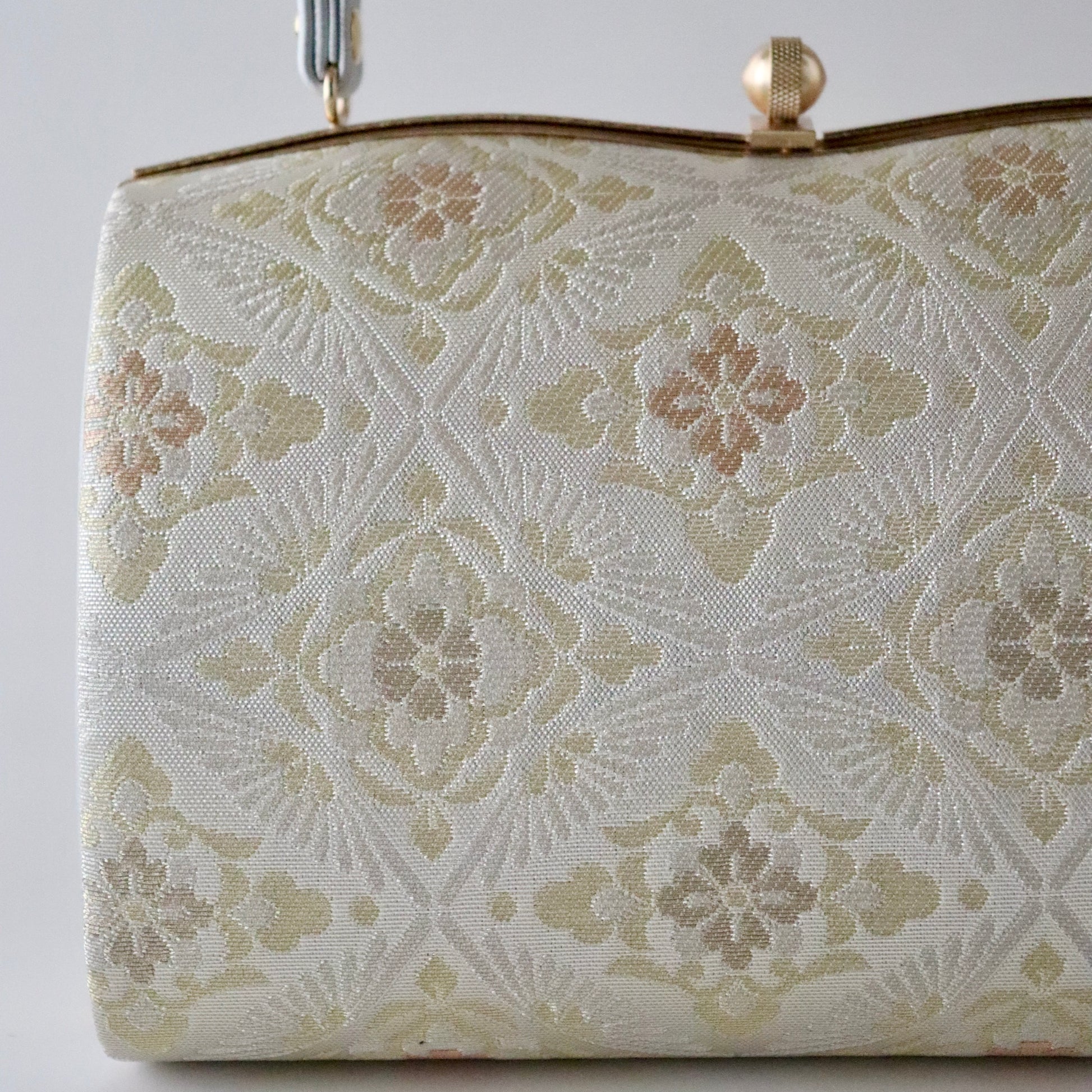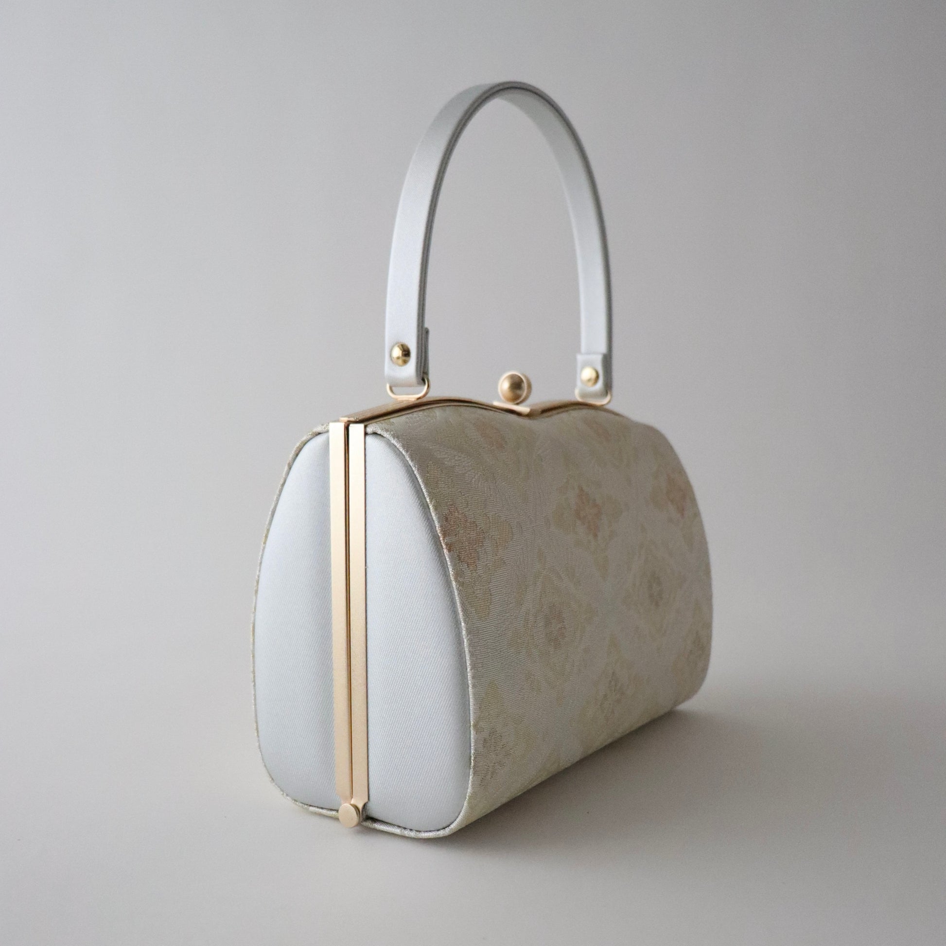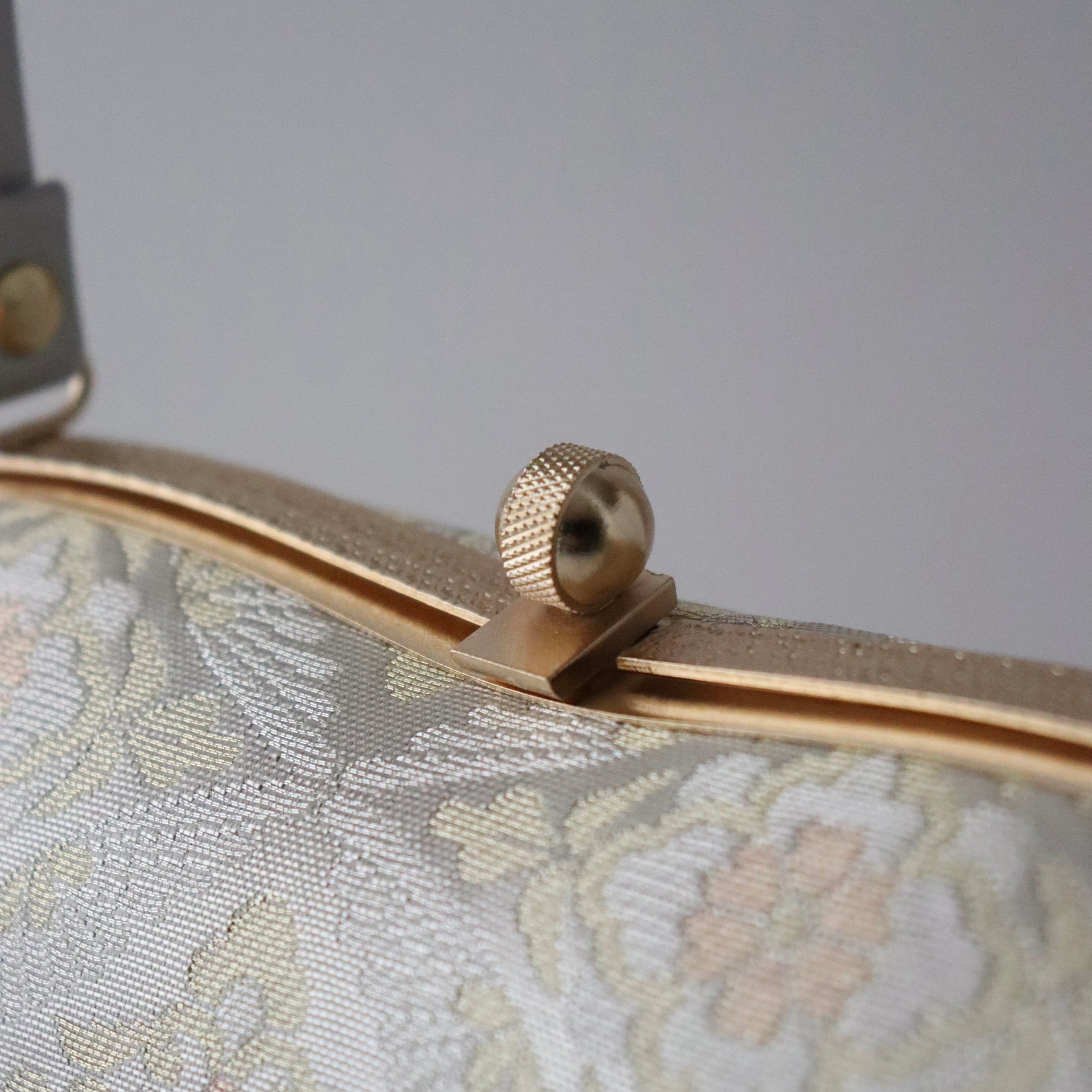丁寧に織り上げられた糸と糸のコントラストが美しい本作。京都西陣で織り上げた「花菱」模様の帯地が上品で華やかな仕上がり。真鍮製の留め具の装飾も上品で豪華。慶事の席の装いに相応しいお品物です。
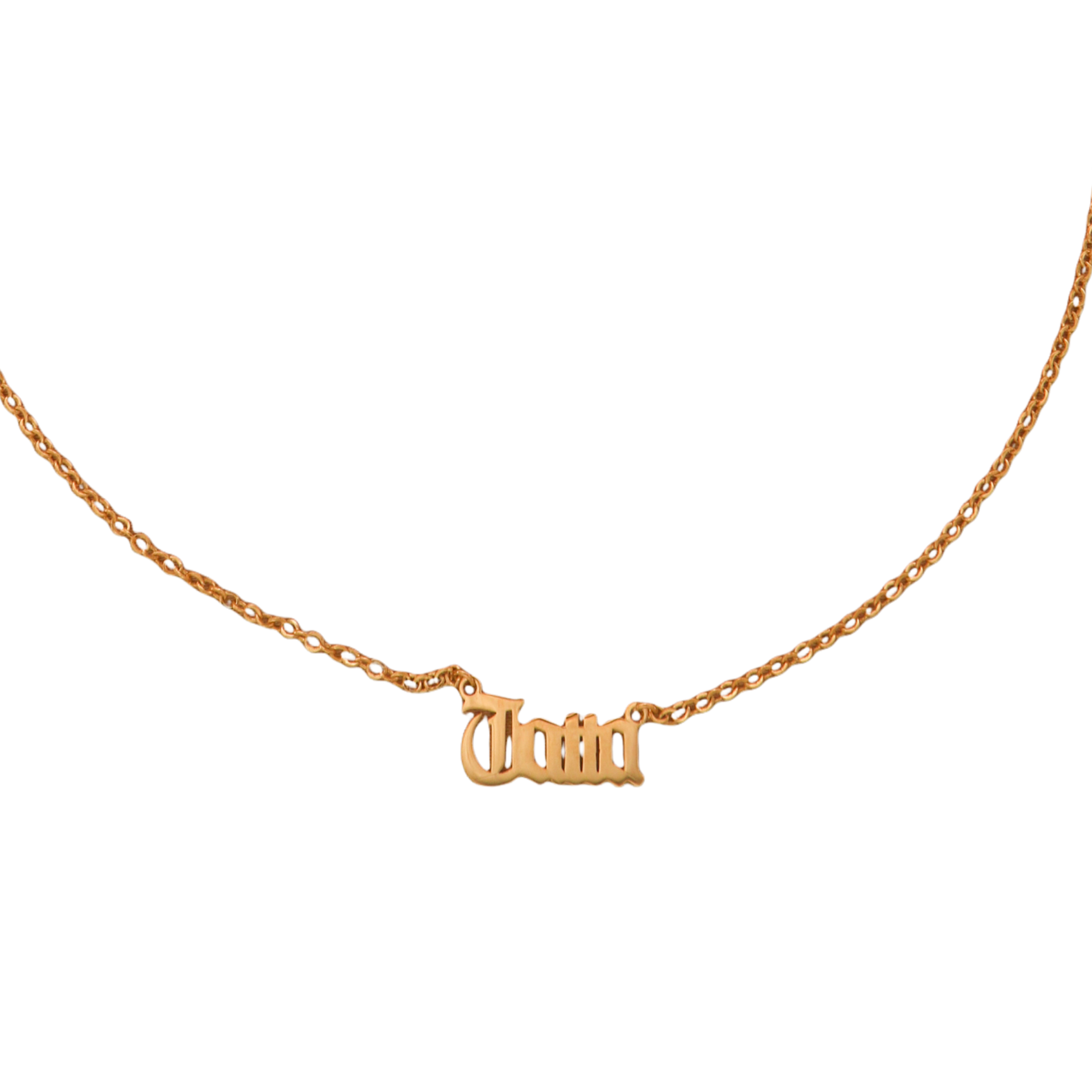 A dainty chain with a customizable charm – add your name in gothic font. Chain: 40 cm + 5 cm extensible. Charm: 0.6 cm x 1 cm.
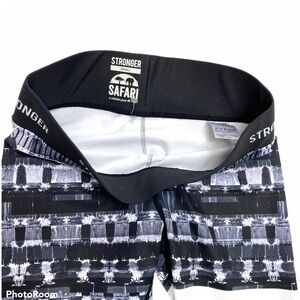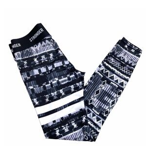 Stronger Safari Logo Aztec Print Leggings Black and White
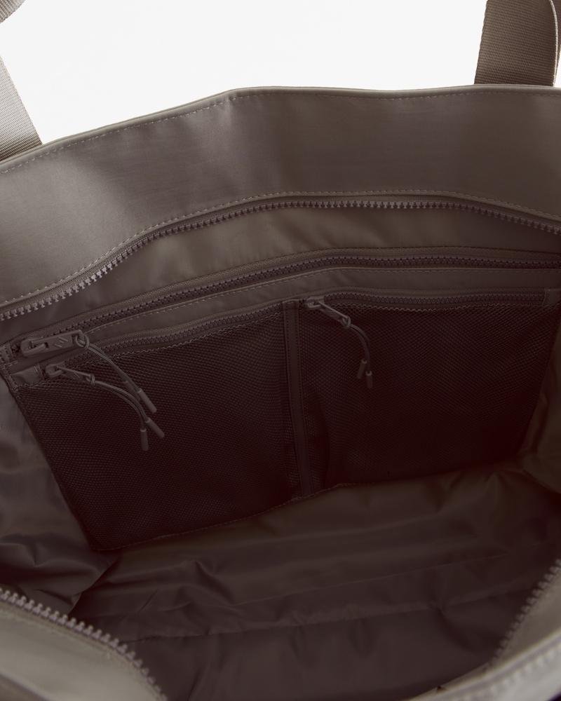 Our active tote bag with interior and exterior pockets throughout to hold your personal items and valuables. Includes top zipper closure, as well as a back trolley pass flap for easy use when traveling. Height: 15 in. Width: 5.5 in. Length: 18 in. Imported.Lining:100% Polyester / Mesh:100% Polyester / Shell:100% Nylon
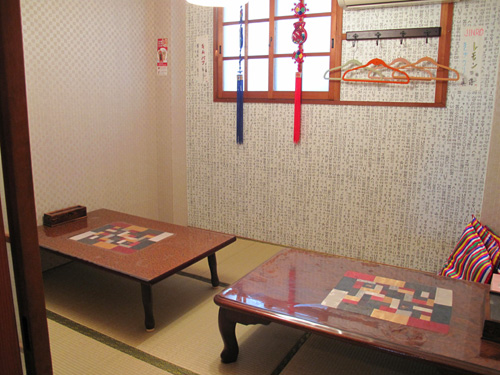 4人掛けのテーブルが2つで10人弱位の宴会が可能です。

■ ■ ■

* _TASK TO COMPLETE_
In your answer, copy exactly the lines running from the line with "Our active tote" to the end of the material above, both included, and omit all pictures.

* _TASK OUTPUT_
 Our active tote bag with interior and exterior pockets throughout to hold your personal items and valuables. Includes top zipper closure, as well as a back trolley pass flap for easy use when traveling. Height: 15 in. Width: 5.5 in. Length: 18 in. Imported.Lining:100% Polyester / Mesh:100% Polyester / Shell:100% Nylon
 4人掛けのテーブルが2つで10人弱位の宴会が可能です。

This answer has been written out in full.